(March 23): Emerging-market stocks ceded earlier losses on Monday as traders waited to see if positive comments from US President Donald Trump over ending the Iran war would translate into concrete action.
MSCI’s Emerging Markets Index fell as much as 3.5% before paring declines to trade 2.7% lower after Trump’s comments. A gauge tracking emerging currencies also trimmed losses to stand about 0.2% lower, as Trump’s comments hit the dollar and pushed oil 7% lower. While risk assets in general have been under stiff pressure, some emerging markets that entered 2026 as a favoured trade are seen bearing the brunt of the sell-off.

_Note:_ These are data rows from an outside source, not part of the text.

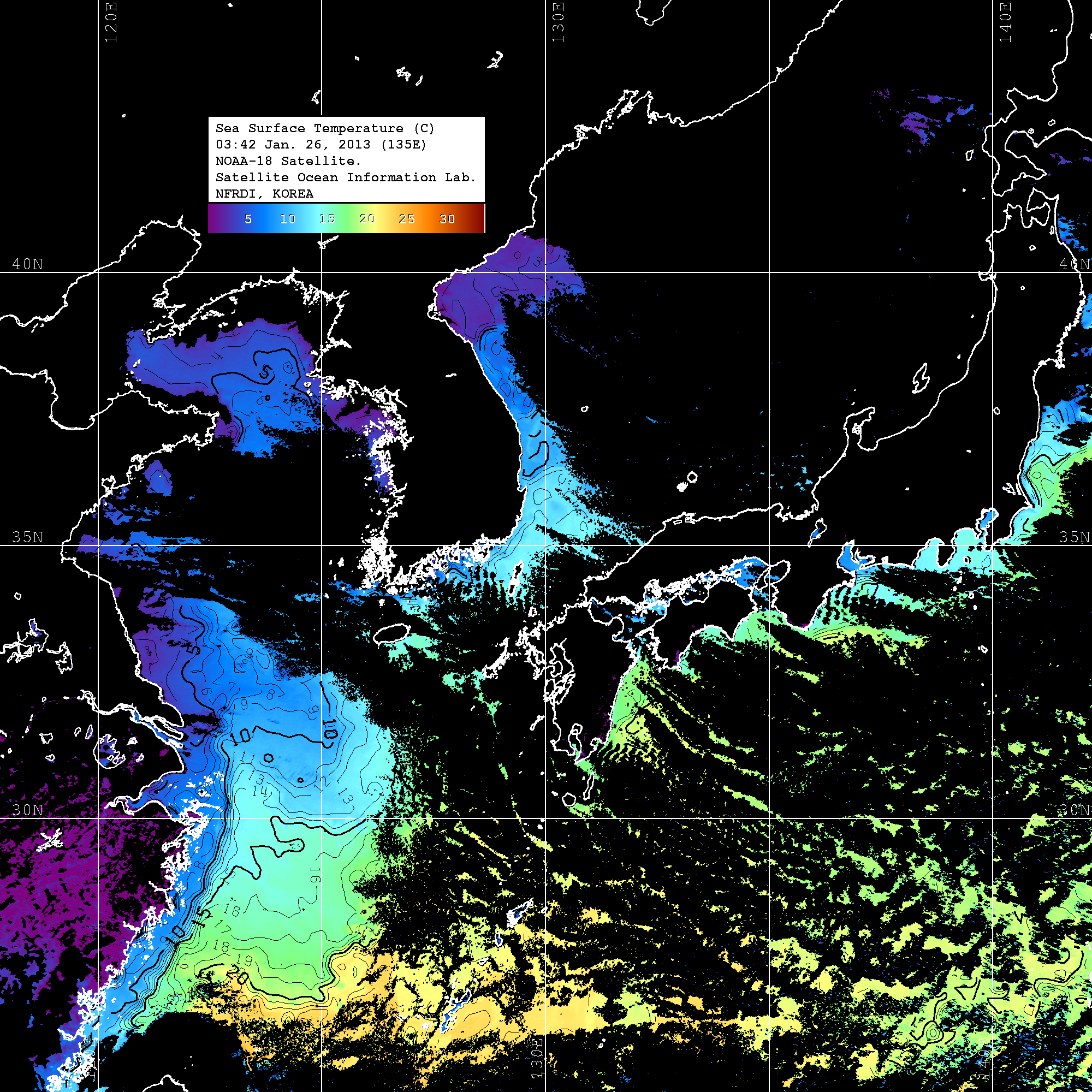 o 2013년 01월 26일 NOAA 위성영상입니다. o 영상 시간 및 수온분포는 범례를 참고하시기 바랍니다. o 검은색은 구름을 나타냅니다. o 그림을 클릭하시면 크게 보실 수 있습니다.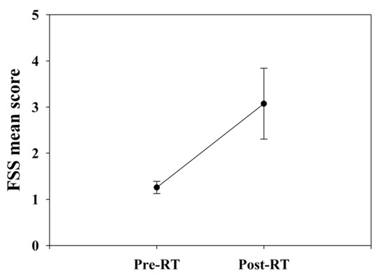 The FSS score slightly increased from 1.2 ± 0.1 to 3.1 ± 0.8 after RT without significant differences (Figure 10).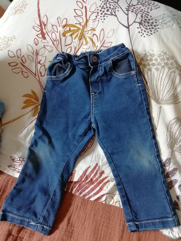 Jeans 12 mois Couleur bleu foncé Fermeture à pression 2 poches avant 😀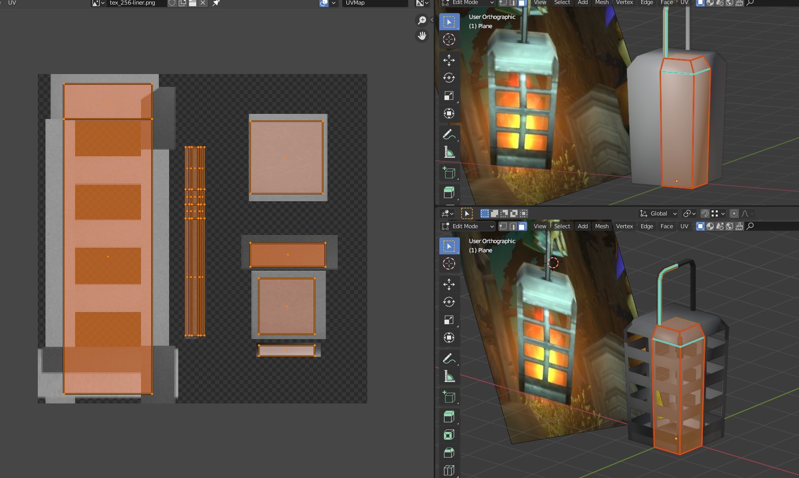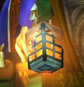 I wanted to create a World of Warcraft lamp (a type of item for the "Off-Hand" slot) and I decided to make the geometry as simple as I could, where I set the details via the UV mapping and with texture alpha. I managed to accomplish that (the cut-off rectangles come from the texture, not from the geometry).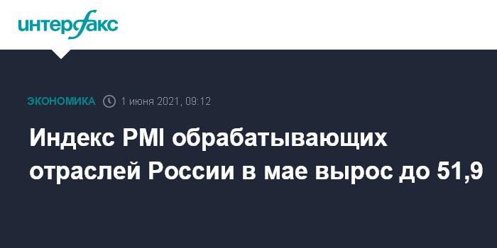 Москва. 1 июня. INTERFAX.RU - В мае 2021 года индекс PMI обрабатывающих отраслей России поднялся до 51,9 пункта с 50,4 пункта в апреле, согласно исследованию IHS Markit.
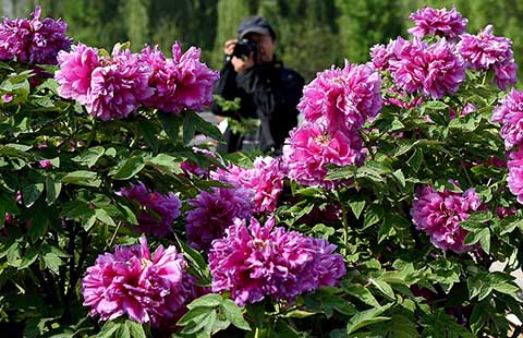 A peony tree is blooming at a park in Luoyang,central China's Henan province on April 18, 2016. [Photo/Xinhua]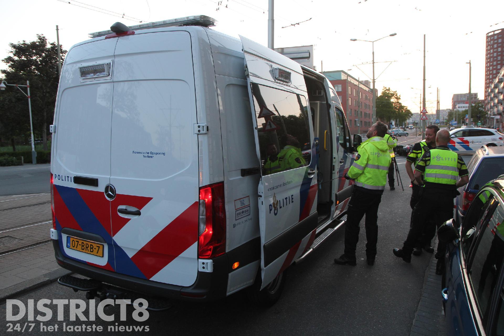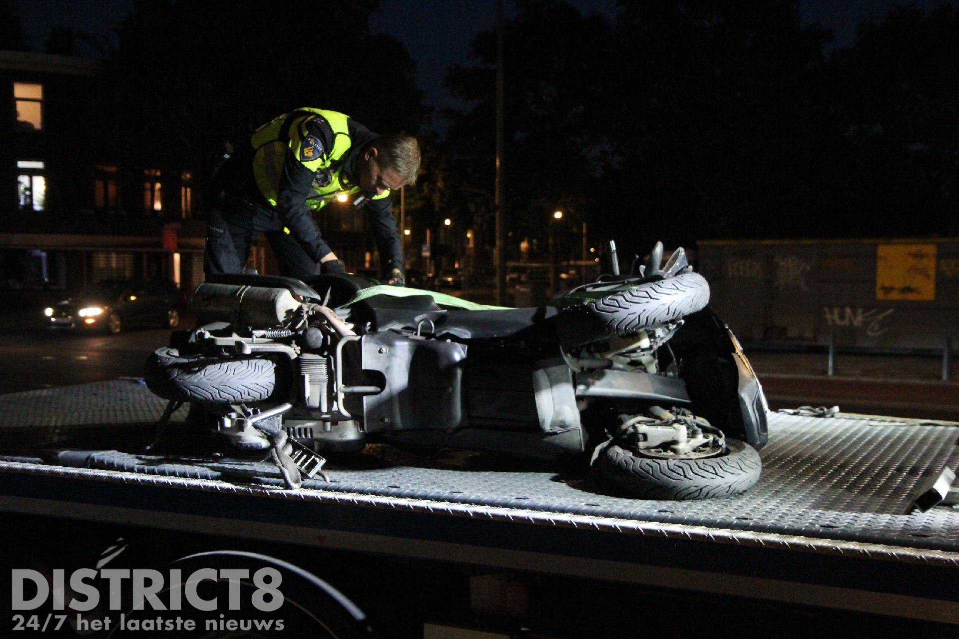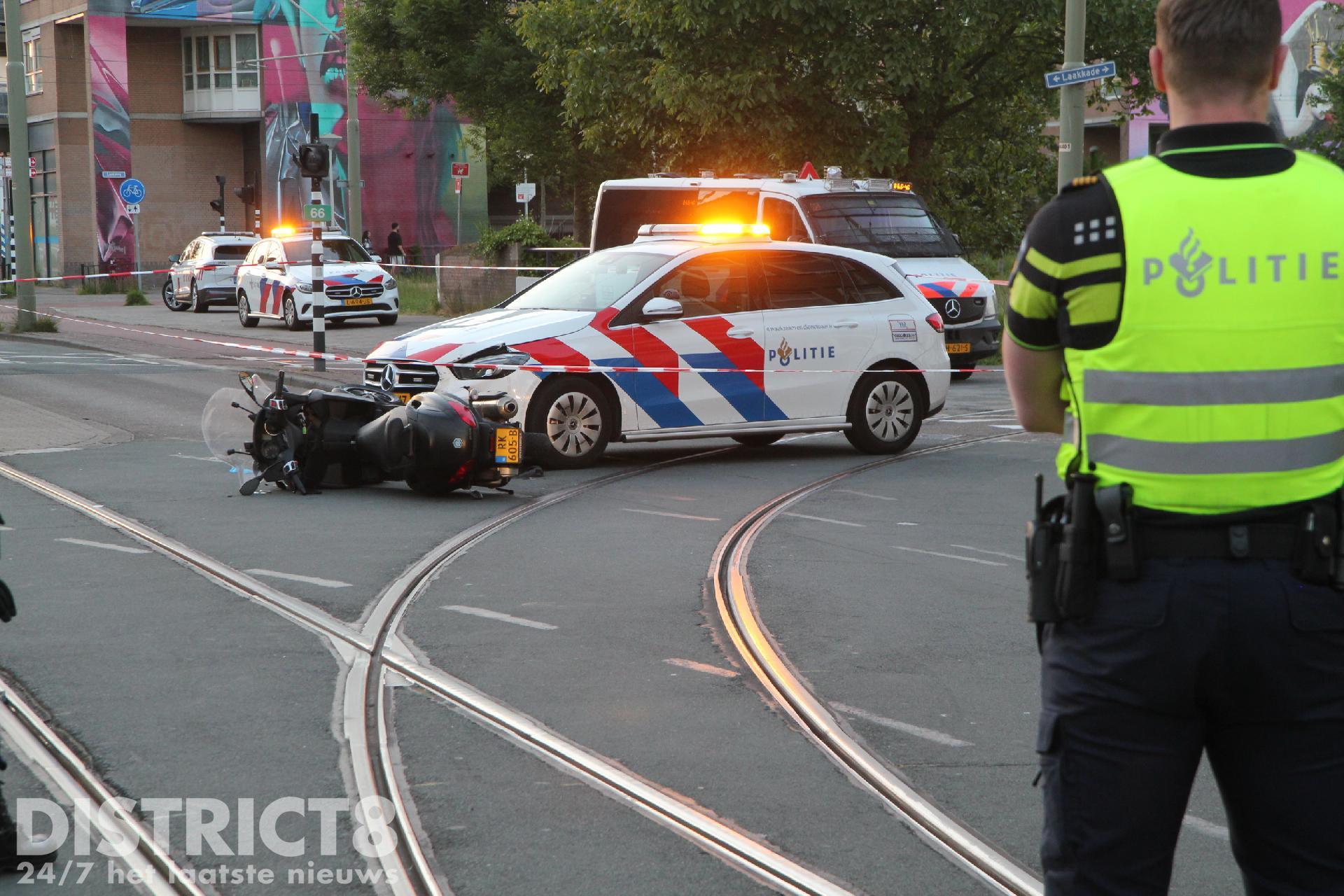 Het ging omstreeks negen uur mis op de Oudemansstraat nadat een motorscooter door nog onbekende oorzaak in botsing kwam met een politievoertuig.

“The fact is that EM equities was a consensus asset allocation play this year and headed into the conflict in a very overheld position,” Geoffrey Yu, a senior market strategist at BNY, said in an interview. “The market is moving toward liquidity preservation, which means high-performing positions are most at risk, and emerging-market equities and also fixed income unfortunately are in this bucket.”
Investors withdrew money from exchange-traded funds that buy emerging stocks and bonds as of March 20, with outflows for the past two weeks totalling US$3.82 billion ($4.88 billion).
Trump’s deadline to Tehran to reopen the Strait of Hormuz or face strikes on its power plants, expires Monday evening New York time. but he said Monday US and Iran had “very good” conversations about an end to the conflict in the Middle East.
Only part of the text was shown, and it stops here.